### Source material
= = = =
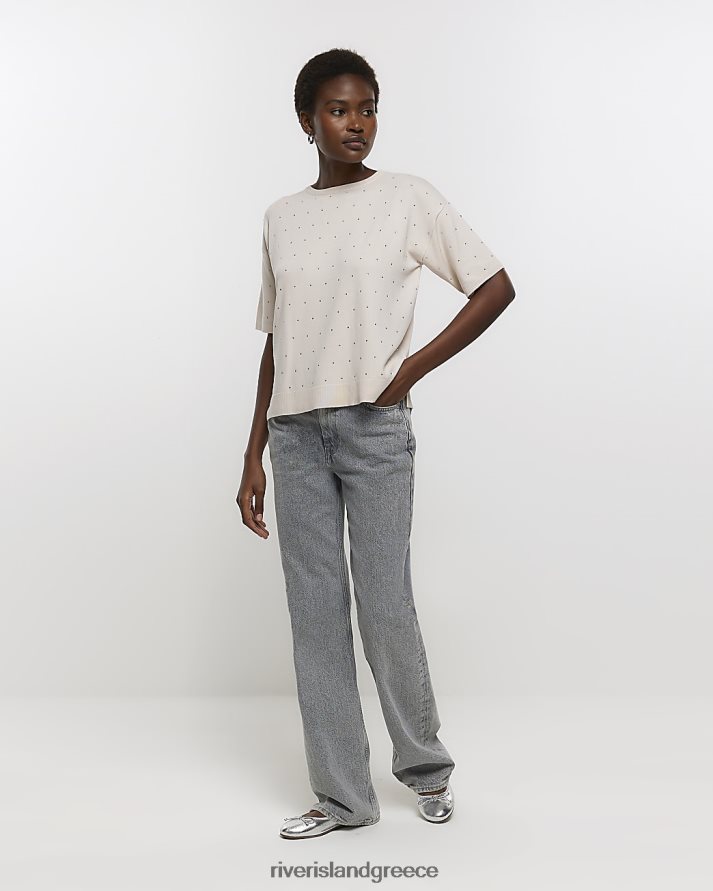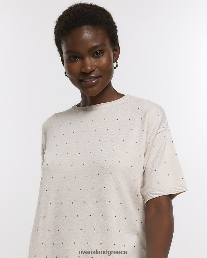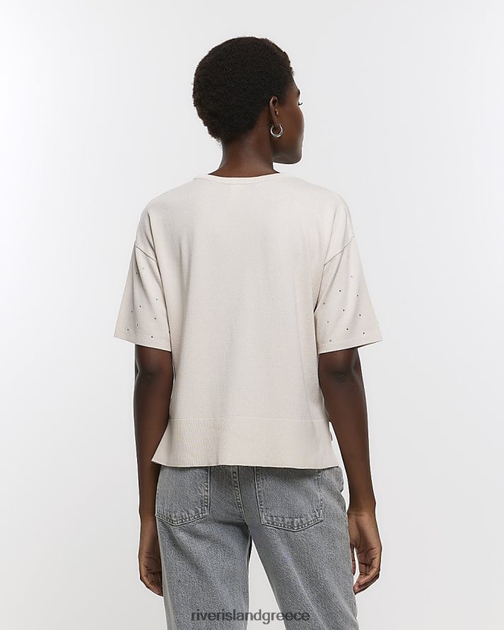River Island ενδύματα μπεζ γυναίκες διακοσμημένο κοντομάνικο τοπ B6N8X897
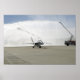An F-18 aircraft taxies beneath the spray from fire trucks featured with F-18.
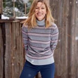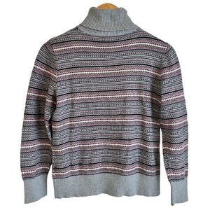 LL Bean Grey and Pink Fair Isle Cotton Cashmere Blend Turtle Neck Sweater
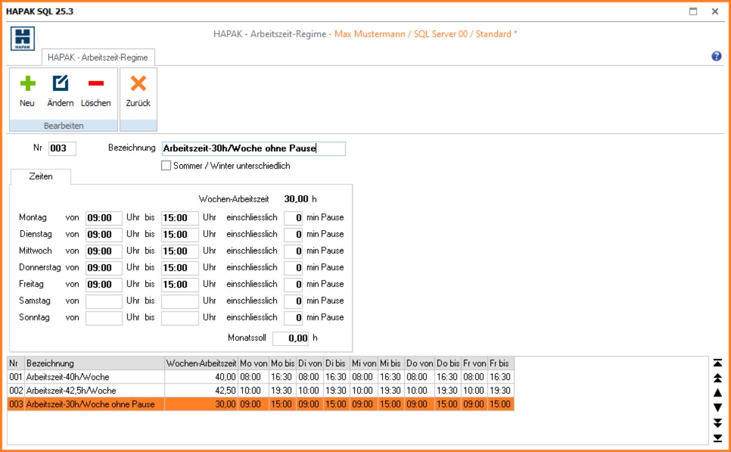 Anlegen von beliebigen Zeitregimes (z.B. Vollzeit, Teilzeit, Schichtarbeit oder Sommer-/Winterarbeit) (LohnSt-01)
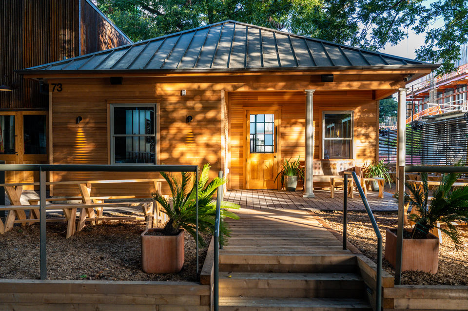 Located in Austin’s historic Rainey Street District, the Stay Put Brewery is a complete restoration of the house that originally occupied this lot. Inspired aesthetically by Texas’s dance halls, the Stay Put bring brings a warm, intimate experience to craft brewing. With both indoor and outdoor bars, guests can utilize custom built seating inside, or a refreshing patio experience under the shady oak trees outside.
= = = =
### Try it
For this exercise, the lines from the one containing "LL Bean Grey" through the last line of the entries above are to be output exactly, both included, and pictures are skipped.

### Answer to this problem
 LL Bean Grey and Pink Fair Isle Cotton Cashmere Blend Turtle Neck Sweater
 Anlegen von beliebigen Zeitregimes (z.B. Vollzeit, Teilzeit, Schichtarbeit oder Sommer-/Winterarbeit) (LohnSt-01)
 Located in Austin’s historic Rainey Street District, the Stay Put Brewery is a complete restoration of the house that originally occupied this lot. Inspired aesthetically by Texas’s dance halls, the Stay Put bring brings a warm, intimate experience to craft brewing. With both indoor and outdoor bars, guests can utilize custom built seating inside, or a refreshing patio experience under the shady oak trees outside.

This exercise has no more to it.